Lead-free piezoelectric crystals grown by the micro-pulling down technique in the BaTiO3–CaTiO3–BaZrO3 system

Abstract

BaTiO₃-based crystal fibres with mm-sized grains were grown by the micro-pulling down technique from the BaTiO₃–CaTiO₃–BaZrO₃ solid solution with pulling velocities of about 6, 9 and 15 mm h⁻¹. The natural growth direction was identified as (001)_pc. For the pulling velocities of about 15 mm h⁻¹ and 9 mm h⁻¹, effective partition coefficients have been calculated from Castaing micro-probe measurements, and gave, respectively, 1.3 and 2 for Zr, and 0.95 and 0.9 for Ca.

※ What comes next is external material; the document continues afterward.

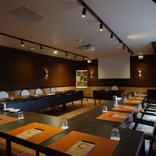 Our rooms are designed with an eye for comfort and inspiration. From the modern auditorium 'De Hoge Veluwe' to cozy meeting rooms in the main building: each space exudes the atmosphere of the Veluwe and can be flexibly arranged. Whether it's breakout sessions, workshops, or drinks, thanks to subspaces and audiovisual equipment, De Cantharel offers the perfect setting for every gathering.

Laser-induced breakdown spectroscopy measurements reveal a strong inhomogeneity and variations of Zr contents while Ca contents show an opposite variation trend with a more steady distribution. Coexistence of two crystallized perovskite solid solutions is suggested. Most efficient polycrystals with mm-sized grains and 0.5 mol% Zr and 11 mol% Ca as average contents exhibit Curie temperatures higher than 113 °C, electromechanical coupling factors k_t up to 41% and piezoelectric charge coefficients d₃₃ up to 242 pC N⁻¹ at room temperature. These values are similar to piezoelectric coefficients reported in the literature for oriented flux-grown single crystals with close compositions. Both chemical and physical results obtained in the BCTZ system make the μ-PD technique a promising way to improve the piezoelectric response of lead-free solid solution-based single crystals.